The state fixed-effect logistic model was applied to “Hospital uses ML or other predictive models.” State fixed-effect linear regressions were applied to other outcome measures. Marginal effects were reported for all models.
Specific AHA survey questions:
Indicator of whether the hospital uses ML or other predictive models: Does your hospital use any ML or other predictive models that display output or recommendations (e.g., risk scores or clinical support) in your EHR or an App embedded in or launched by your EHR? 1=yes, 0=no.
The number of ML and other predictive modules adopted: Which of the following uses has your hospital applied ML or other predictive models? Please check all that apply.
a. Predicting health trajectories or risks for inpatients.
b. Identify high-risk outpatients to inform follow-up care.
c. Monitor health.
d. Recommend treatments.
e. Simplify or automate billing procedures.
f. Facilitate scheduling.
g. Other (operational process optimization).

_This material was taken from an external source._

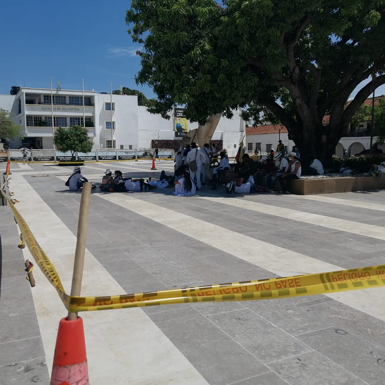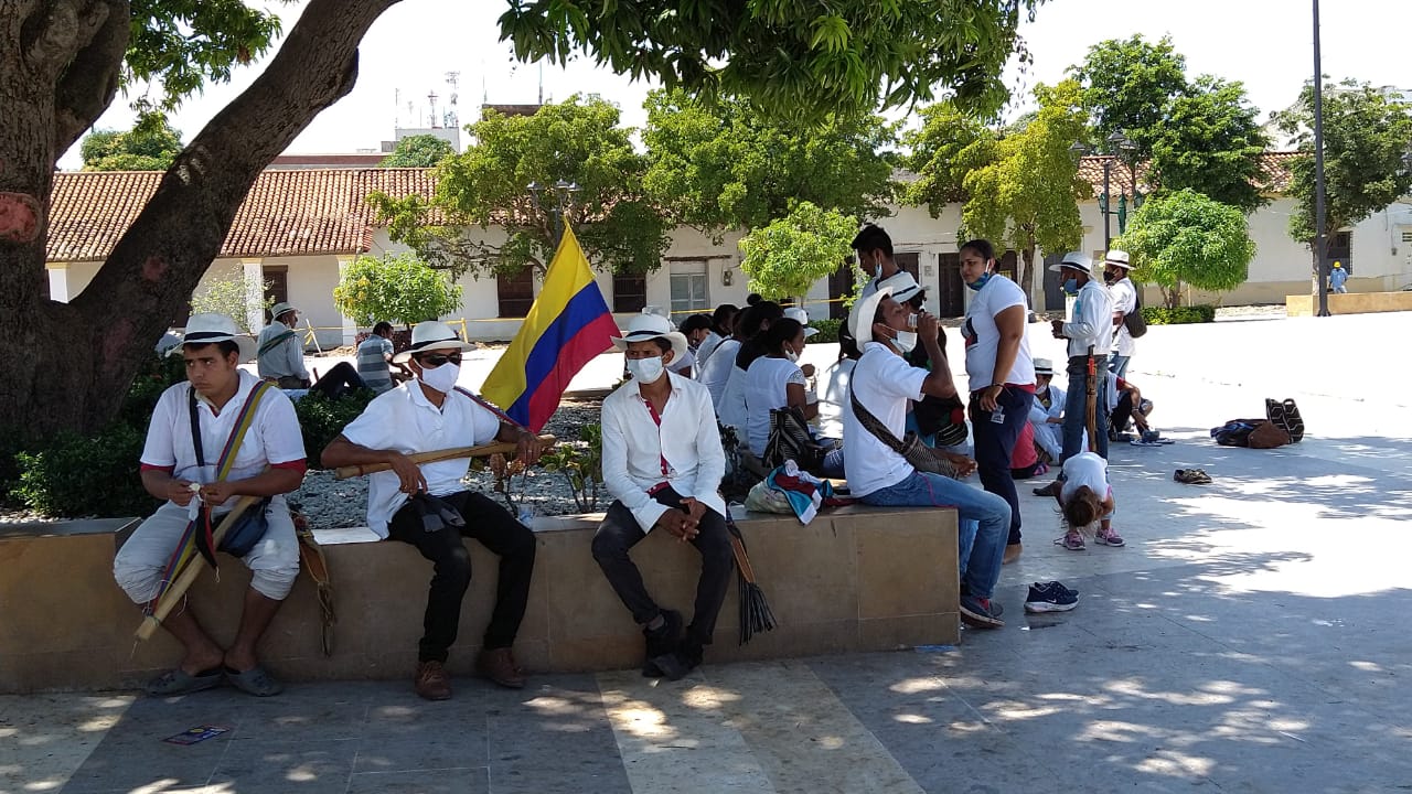 Hombres, mujeres y niños forman parte de la delegación; ellos mismos han fijado su cordón de seguridad y no permiten que nadie invada su espacio. Hasta esta hora no han logrado el diálogo con la Alcaldía de Valledupar.

h. Other (clinical use cases).
The number of domains in which EHR was used: Please indicate whether you have used electronic clinical data from the EHR or other electronic system in your hospital to:
a. Create an approach for clinicians to query the data.
b. Assess adherence to clinical practice guidelines.
c. Identify care gaps for specific patient populations.
d. Support a continuous quality improvement process.
e. Monitor patient safety (e.g., adverse drug events).
f. Identify high-risk patients for follow-up care using algorithms or other tools.
The number of areas in which AI/ML was used in workforce applications: Does your hospital use AI or ML in the following?
a. Predicting staffing needs.
b. Predicting patient demand.
c. Staff scheduling.
d. Automating routine tasks.
e. Optimizing administrative and clinical workflows.
f. None of the above.
ACO indicates accountable care organization; ADI, Area Deprivation Index; AHA, American Hospital Association; AI, artificial intelligence; EHR, electronic health record; HPSA, health professional shortage area; IT, information technology; ML, machine learning.